11. Il résulte de tout ce qui précède que M. et Mme B... ne sont pas fondés à soutenir que c'est à tort que, par le jugement attaqué, la magistrate désignée par la présidente du tribunal administratif de Toulouse a rejeté leur demande tendant à l'annulation des arrêtés de la préfète de l'Aveyron du 11 février 2021. Par suite, leur requête doit être rejetée, y compris leurs conclusions aux fins d'injonction et celles tendant à l'application de l'article L. 761-1 du code de justice administrative.
DECIDE :
Article 1er : Les requêtes de M. et Mme B... sont rejetées.
Article 2 : Le présent arrêt sera notifié à M. D... B..., à Mme A... C... épouse B... et au ministre de l'intérieur.
Copie en sera transmise à la préfète de l'Aveyron.
Délibéré après l'audience du 16 septembre 2021 à laquelle siégeaient :
Mme Marianne Hardy, présidente,
Mme Fabienne Zuccarello, présidente-assesseure,
Mme Christelle Brouard-Lucas, première conseillère.
Rendu public par mise à disposition au greffe le 14 octobre 2021.

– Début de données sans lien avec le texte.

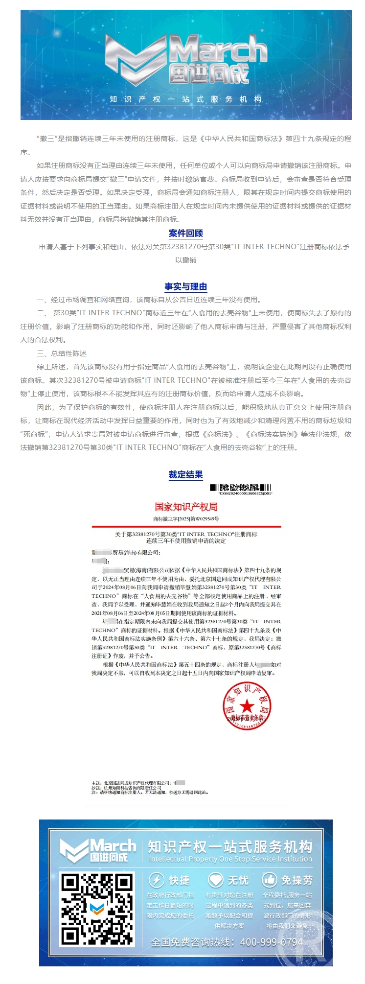 国进同成成功案例︱关于第32381270号第30类"IT INTER TECHNO"注册商标连续三年不使用撤销申请的决定
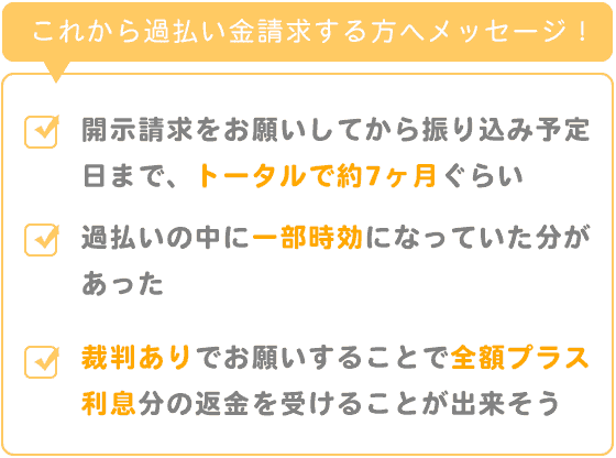 開示請求をお願いしてから面談を受けて依頼をするまでに1~2ヶ月、それから3ヶ月ほどしてセディナ側から返金する旨をその振り込み日の連絡があったとの連絡をもらい、その振り込み予定日が2ヶ月後ぐらい、トータルで約7ヶ月ぐらいの期間になります。

La présidente-rapporteure,
Marianne HardyLa présidente-assesseure,
Fabienne Zuccarello
La greffière,
Sophie Lecarpentier
La République mande et ordonne au ministre de l'intérieur en ce qui le concerne et à tous huissiers de justice à ce requis en ce qui concerne les voies de droit commun, contre les parties privées, de pourvoir à l'exécution du présent arrêt.